» **Raw data**
□ □ □
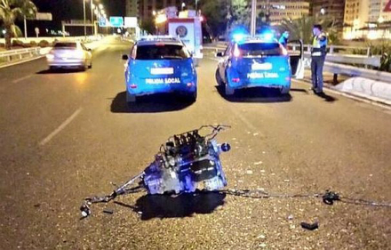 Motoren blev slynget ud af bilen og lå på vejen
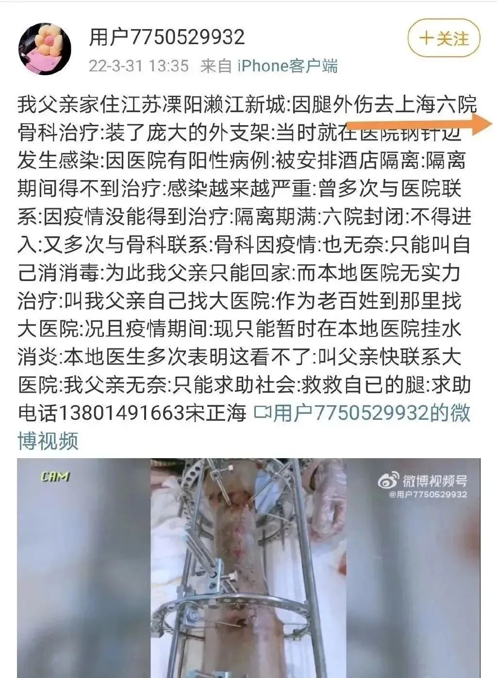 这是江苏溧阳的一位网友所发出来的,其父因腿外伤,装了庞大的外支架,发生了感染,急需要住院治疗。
□ □ □
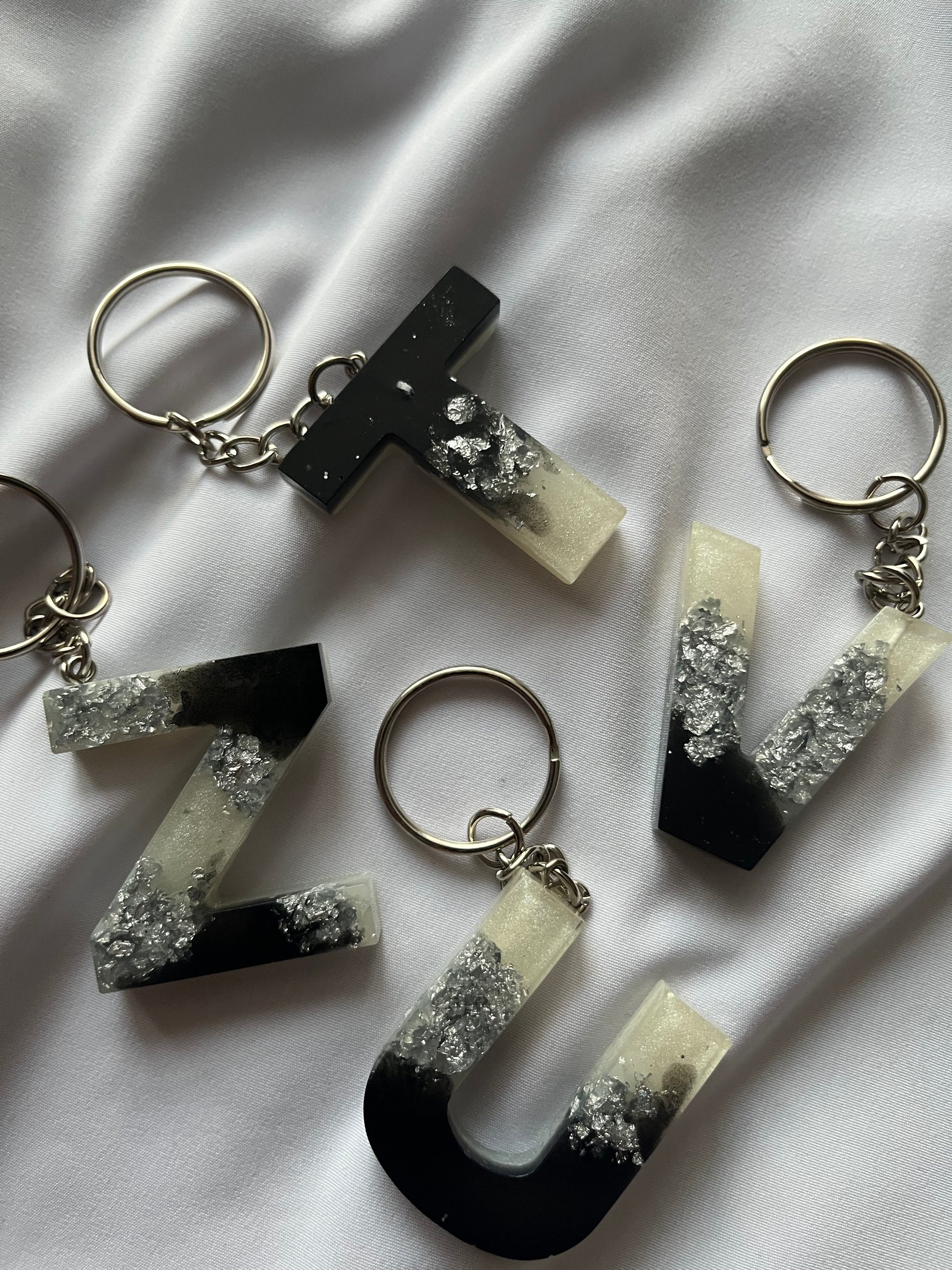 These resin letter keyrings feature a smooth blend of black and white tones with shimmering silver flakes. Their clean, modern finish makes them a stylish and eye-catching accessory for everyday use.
□ □ □
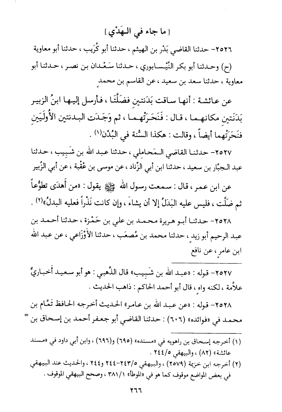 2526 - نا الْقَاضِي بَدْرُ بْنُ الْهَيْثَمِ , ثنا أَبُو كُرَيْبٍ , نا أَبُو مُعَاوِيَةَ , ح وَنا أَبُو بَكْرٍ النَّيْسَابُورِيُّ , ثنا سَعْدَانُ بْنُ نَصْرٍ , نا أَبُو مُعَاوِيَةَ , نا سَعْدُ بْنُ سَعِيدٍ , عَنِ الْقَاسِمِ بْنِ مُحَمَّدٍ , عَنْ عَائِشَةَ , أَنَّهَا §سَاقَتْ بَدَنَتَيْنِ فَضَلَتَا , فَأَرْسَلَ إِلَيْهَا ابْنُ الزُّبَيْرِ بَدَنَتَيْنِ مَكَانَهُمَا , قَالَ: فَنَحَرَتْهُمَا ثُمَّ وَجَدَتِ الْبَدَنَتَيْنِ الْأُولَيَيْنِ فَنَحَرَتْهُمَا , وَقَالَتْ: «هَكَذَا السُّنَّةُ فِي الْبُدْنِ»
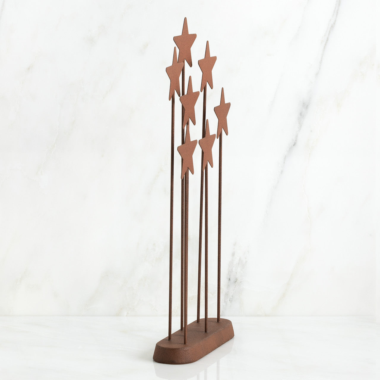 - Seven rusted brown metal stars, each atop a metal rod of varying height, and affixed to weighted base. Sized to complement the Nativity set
□ □ □
» **Exercise directions**
The lines above from the line with "Motoren blev slynget" through the line with "这是江苏溧阳的一位网友所发出" are to be given again word for word, with no pictures among them.

» **Your response**
 Motoren blev slynget ud af bilen og lå på vejen
 这是江苏溧阳的一位网友所发出来的,其父因腿外伤,装了庞大的外支架,发生了感染,急需要住院治疗。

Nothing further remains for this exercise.